» **Input**
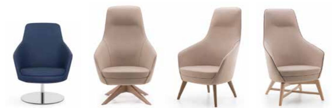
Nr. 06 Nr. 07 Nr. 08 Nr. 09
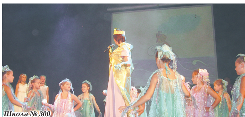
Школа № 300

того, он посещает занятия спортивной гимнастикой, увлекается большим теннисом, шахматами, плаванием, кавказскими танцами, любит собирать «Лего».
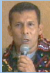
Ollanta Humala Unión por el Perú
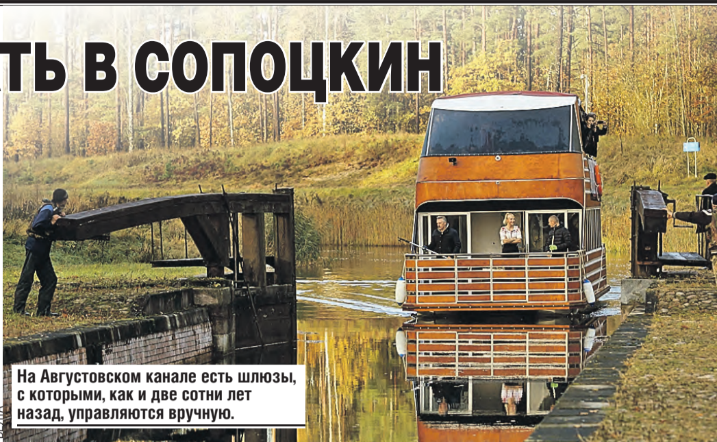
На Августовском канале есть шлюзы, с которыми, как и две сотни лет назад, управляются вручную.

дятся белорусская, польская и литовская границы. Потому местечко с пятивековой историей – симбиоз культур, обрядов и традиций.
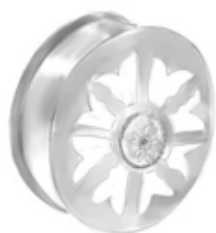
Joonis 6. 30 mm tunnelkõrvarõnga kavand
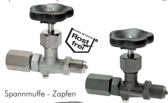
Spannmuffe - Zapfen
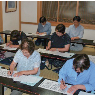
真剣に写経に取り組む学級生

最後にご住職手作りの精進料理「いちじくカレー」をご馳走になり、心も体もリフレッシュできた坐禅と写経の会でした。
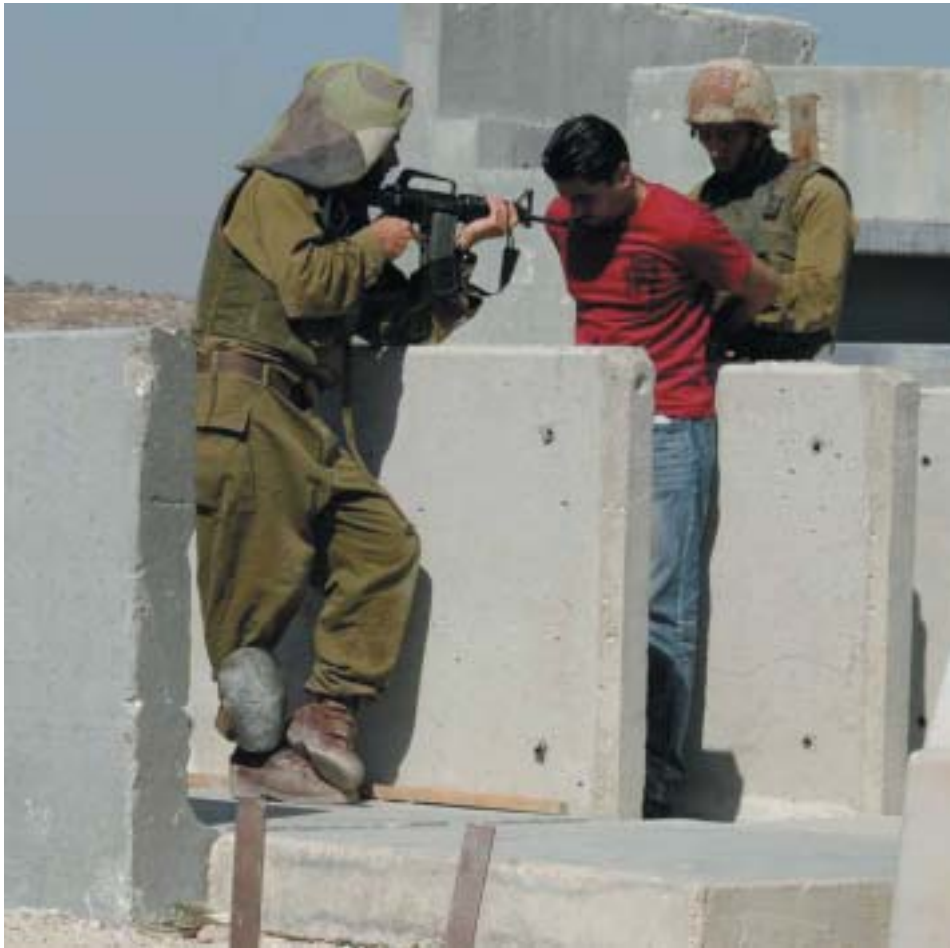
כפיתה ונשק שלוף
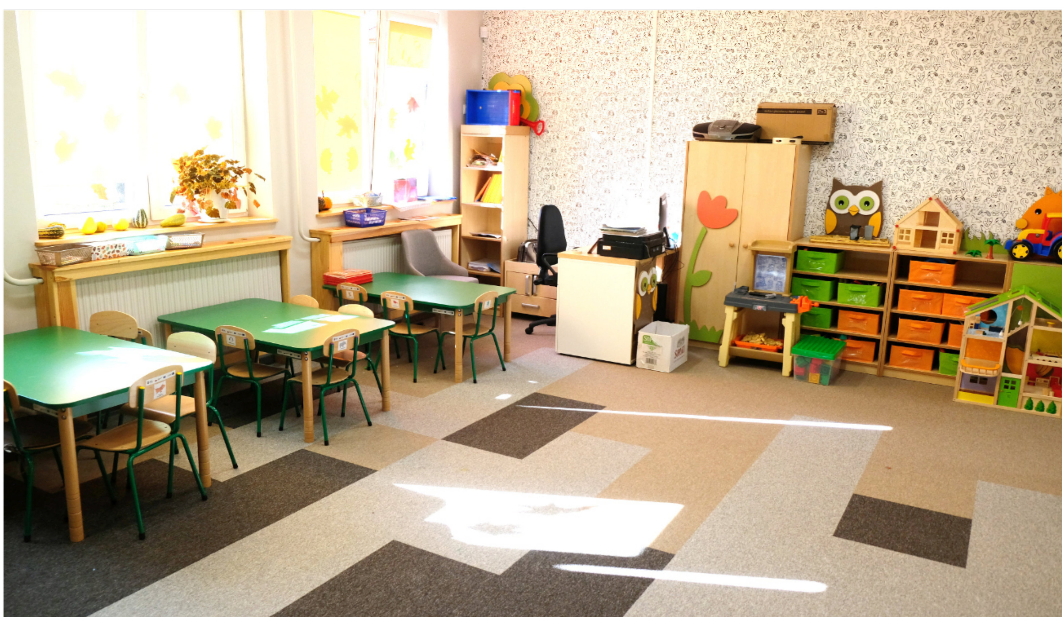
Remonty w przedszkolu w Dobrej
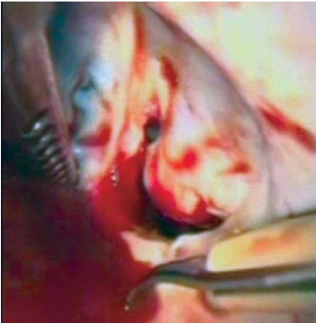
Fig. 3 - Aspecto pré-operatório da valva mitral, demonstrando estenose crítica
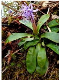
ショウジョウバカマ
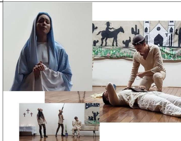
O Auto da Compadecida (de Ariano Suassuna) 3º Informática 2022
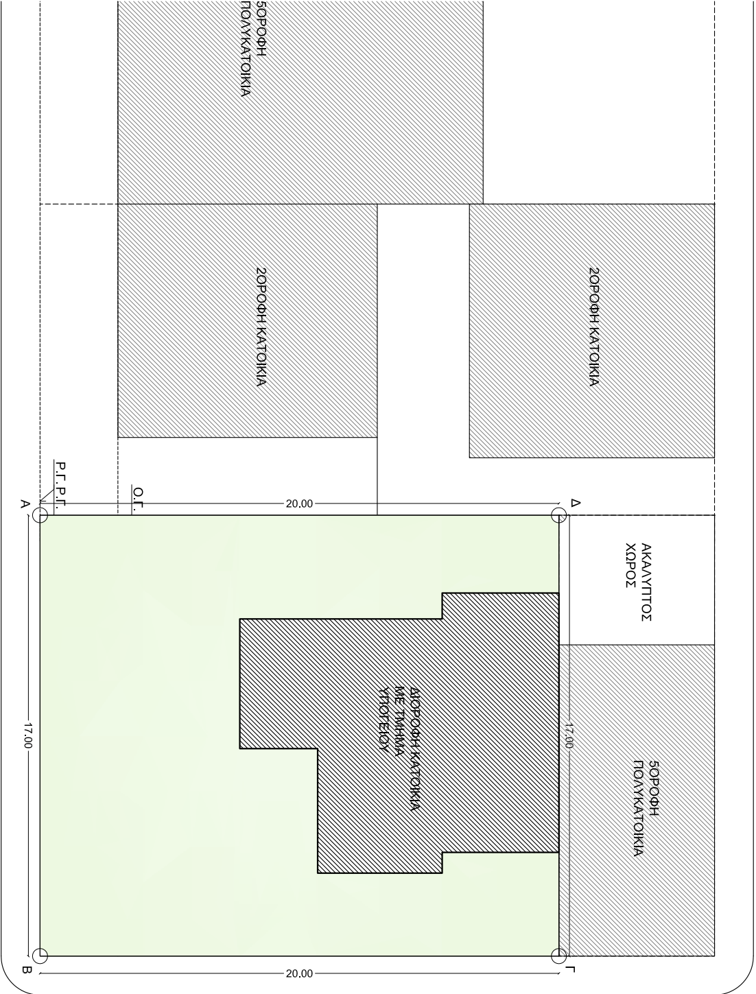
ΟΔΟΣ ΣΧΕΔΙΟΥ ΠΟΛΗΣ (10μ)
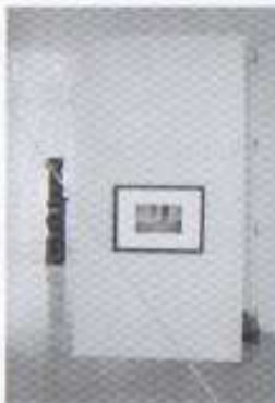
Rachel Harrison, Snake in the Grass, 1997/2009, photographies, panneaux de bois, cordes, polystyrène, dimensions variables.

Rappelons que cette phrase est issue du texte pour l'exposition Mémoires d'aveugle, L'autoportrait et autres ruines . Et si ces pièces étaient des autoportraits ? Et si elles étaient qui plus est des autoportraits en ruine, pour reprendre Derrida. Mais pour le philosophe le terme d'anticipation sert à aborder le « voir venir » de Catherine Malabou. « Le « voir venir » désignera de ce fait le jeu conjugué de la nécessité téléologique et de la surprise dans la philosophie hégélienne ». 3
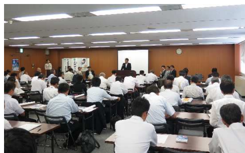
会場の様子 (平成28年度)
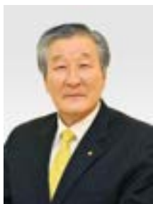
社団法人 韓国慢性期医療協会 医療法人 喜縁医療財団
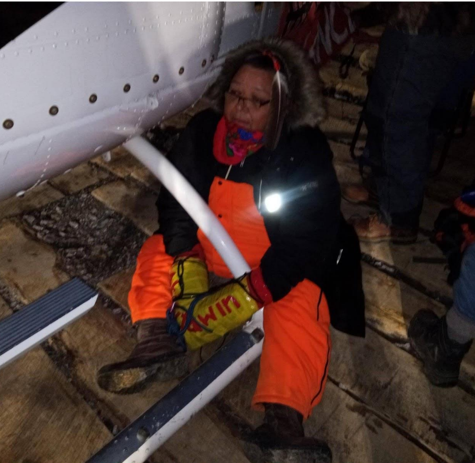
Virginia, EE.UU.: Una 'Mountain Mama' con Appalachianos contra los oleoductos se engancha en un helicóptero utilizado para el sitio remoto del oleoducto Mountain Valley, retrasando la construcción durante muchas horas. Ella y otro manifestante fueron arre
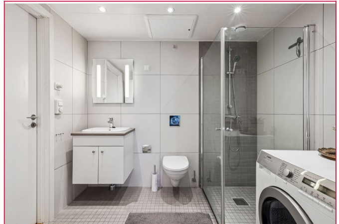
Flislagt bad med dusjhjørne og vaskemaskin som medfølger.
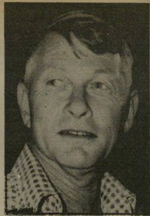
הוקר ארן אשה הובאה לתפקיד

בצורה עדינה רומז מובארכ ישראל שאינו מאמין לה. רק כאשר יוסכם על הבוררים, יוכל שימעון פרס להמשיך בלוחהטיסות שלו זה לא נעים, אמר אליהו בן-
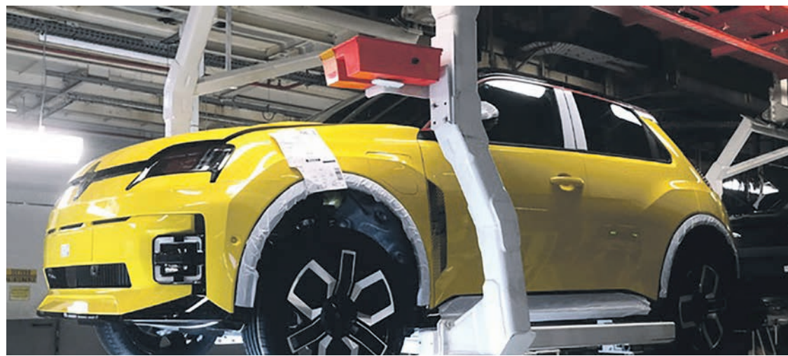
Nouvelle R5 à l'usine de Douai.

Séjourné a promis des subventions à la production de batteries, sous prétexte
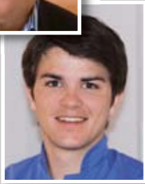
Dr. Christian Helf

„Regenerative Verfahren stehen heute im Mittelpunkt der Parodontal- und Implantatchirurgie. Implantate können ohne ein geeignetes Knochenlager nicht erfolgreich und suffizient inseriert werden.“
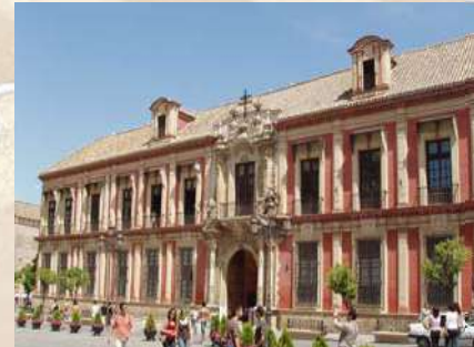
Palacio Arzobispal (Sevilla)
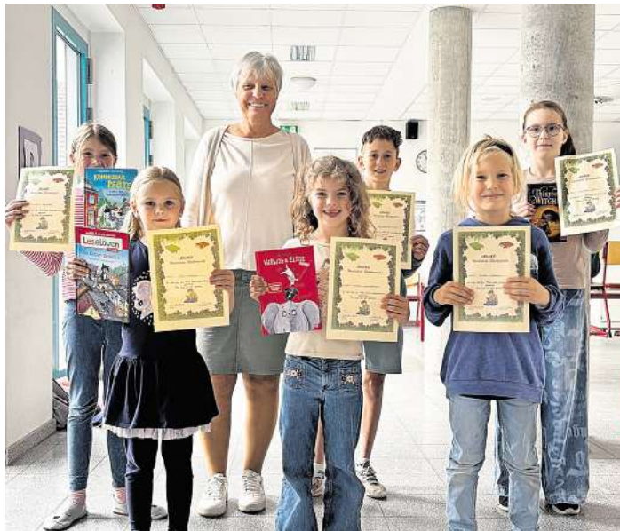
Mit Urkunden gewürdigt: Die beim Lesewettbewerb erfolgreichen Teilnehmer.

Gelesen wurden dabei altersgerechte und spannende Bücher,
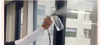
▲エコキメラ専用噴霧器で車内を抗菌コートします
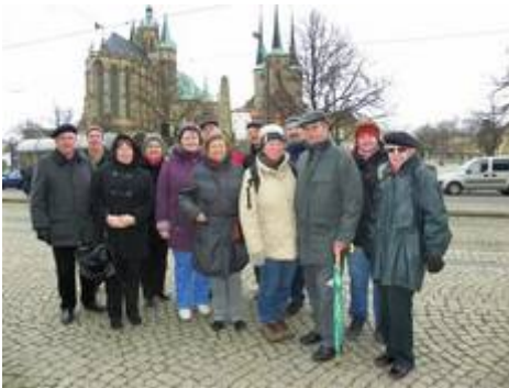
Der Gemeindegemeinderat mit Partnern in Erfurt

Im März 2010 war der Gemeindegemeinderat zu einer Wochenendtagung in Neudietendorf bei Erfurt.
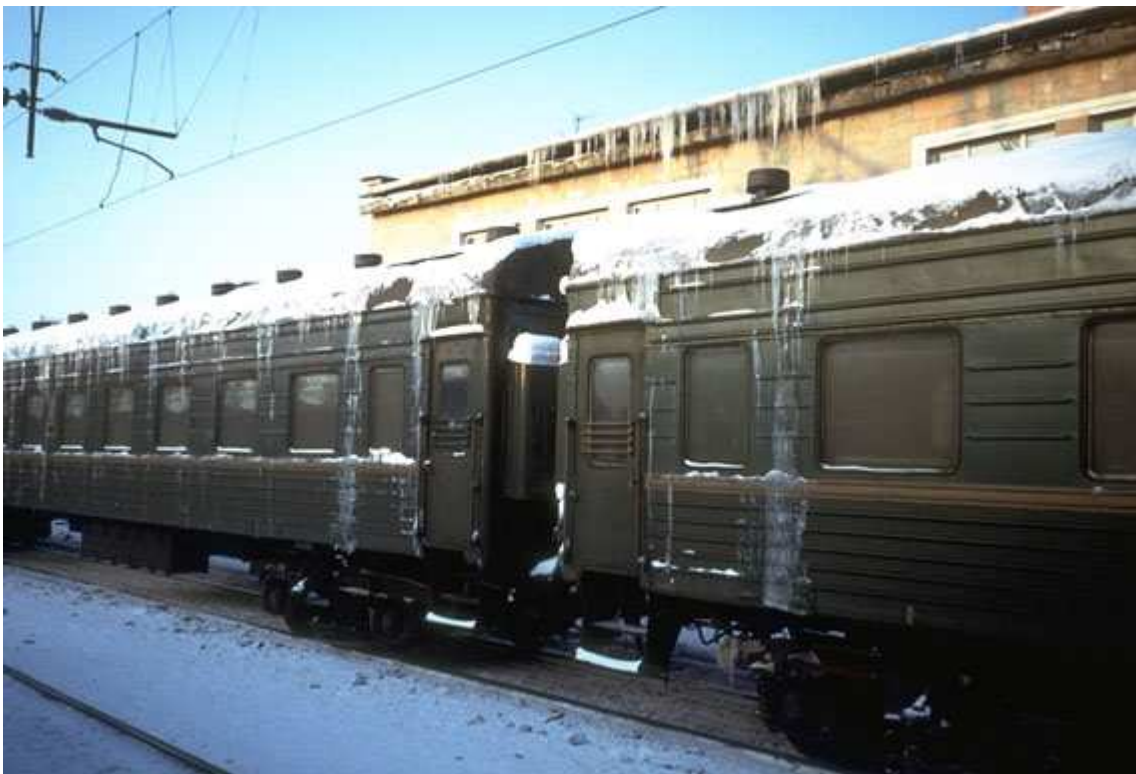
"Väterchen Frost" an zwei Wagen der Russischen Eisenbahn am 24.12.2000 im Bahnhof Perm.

» **What you are asked to do**
Only an exact copy belongs in the answer: the lines from the one containing "Palacio Arzobispal (Sevilla)" through the end of the records, both ends included, minus the pictures.

» **Reply to the exercise**
Palacio Arzobispal (Sevilla)
Mit Urkunden gewürdigt: Die beim Lesewettbewerb erfolgreichen Teilnehmer.

Gelesen wurden dabei altersgerechte und spannende Bücher,
▲エコキメラ専用噴霧器で車内を抗菌コートします
Der Gemeindegemeinderat mit Partnern in Erfurt

Im März 2010 war der Gemeindegemeinderat zu einer Wochenendtagung in Neudietendorf bei Erfurt.
"Väterchen Frost" an zwei Wagen der Russischen Eisenbahn am 24.12.2000 im Bahnhof Perm.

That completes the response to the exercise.